ORDERS_URI = "s3:///lake/raw/orders/{partition}/orders.json"
def main(partition: str):
# `partition` is injected by Windmill, e.g. "2026-05-16"
data = fetch_orders_for(partition)
wmill.write_s3_file(ORDERS_URI.replace("{partition}", partition), data)
The {partition} token stays literal in the lineage graph, so the graph is partition-agnostic. At run time Windmill resolves the concrete partition value once and injects it into the script as a partition argument. The same value is then carried down the whole chain, so every step of one pipeline run materializes the same partition.
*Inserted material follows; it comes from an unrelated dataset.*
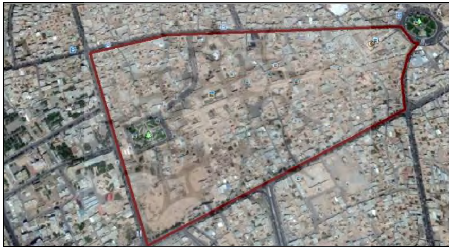
شکل ۱- محدوده مورد مطالعه بر روی GoogleEarth

وکیل، وکیل، بازار اختیاریه، کاروانسرای گلشن، میدان گنجعلی خان، مسجد گنجعلیخان، کاروانسرای گنجعلی خان، حمام گنجعلی خان، آب انبار گنجعلی خان، موزه سگه، موزه مردم شناسی، چهارسوق بازار، بازار ارگ، بازار مسگرها، مدرسه علمیّه محمودیه، مسجد حاج آقاعلی، بازار حاج آقاعلی، آب انبار حاج آقاعلی، مجموعه قیصریه ابراهیم خان، مجموعه قیصریه ظهیرالدوله، حمام ابراهیم خان ظهیرالدوله، مدرسه علمیّه ابراهیمیّه، کاروانسرای میرزا حسن خان، قیصریه ملّا محمد صالح، تکیه مدیرالملک و تکیه گلباز خان می باشد (شکل ۱ و ۲).

Grammar: // partitioned <kind> [option="value" ...]. At most one // partitioned per script; if several are present the first wins.
Partition kinds
| Kind | Default format | Example value |
|---|---|---|
daily | %Y-%m-%d | 2026-05-16 |
hourly | %Y-%m-%dT%H | 2026-05-16T09 |
weekly | %G-W%V (ISO week-year/week) | 2026-W20 |
monthly | %Y-%m | 2026-05 |
dynamic key="<path>" | n/a (value comes from the payload) | acme |
daily, hourly, weekly, monthly are time kinds. dynamic requires a key and reads the value from the triggering payload.
Options by kind
| Option | Applies to | Default | Meaning |
|---|---|---|---|
tz="<IANA tz>" | time kinds | UTC | Resolve the bucket in this timezone. Matters at boundaries: 00:30 UTC can still be the previous local day. An invalid timezone fails the run with a clear error. |
format="<strftime>" | time kinds | per-kind (table above) | Override the rendered string with a standard strftime pattern, e.g. %Y/%m/%d. |
start="YYYY-MM-DD" | time kinds | none | Backfill anchor. A run whose computed partition is strictly before this date resolves to no partition: the run is not failed, but it is also not auto-skipped — it proceeds without a partition argument (a warning is logged), so guard on the argument in your code if you rely on the anchor. An invalid start fails the run with a clear error. |
key="<json path>" | dynamic (required) | none | Where in the triggering payload the value is. Minimal $.a.b.c dotted path only: no array indexing, wildcards or filters. The leaf must be a scalar (string, number or bool). A missing key, a non-scalar leaf, or no payload fails the run with a clear error. |
How the value is resolved
The concrete partition is resolved exactly once, at the top of a chain, by this precedence:
- An explicit
partitionargument on the run (a manual run, a backfill, or a value already propagated from upstream). It is used as-is and never re-resolved. This is what makes the whole chain consistent. - Otherwise, for time kinds: the run's fire time, localized to
tzand rendered withformat. The anchor is the schedule fire time for a scheduled run and the upstream trigger time for a cascaded run (so a chain that crosses midnight stays on one partition). - Otherwise, for
dynamic: the value extracted from the triggering payload (triggerobject if present, otherwise the run arguments) atkey.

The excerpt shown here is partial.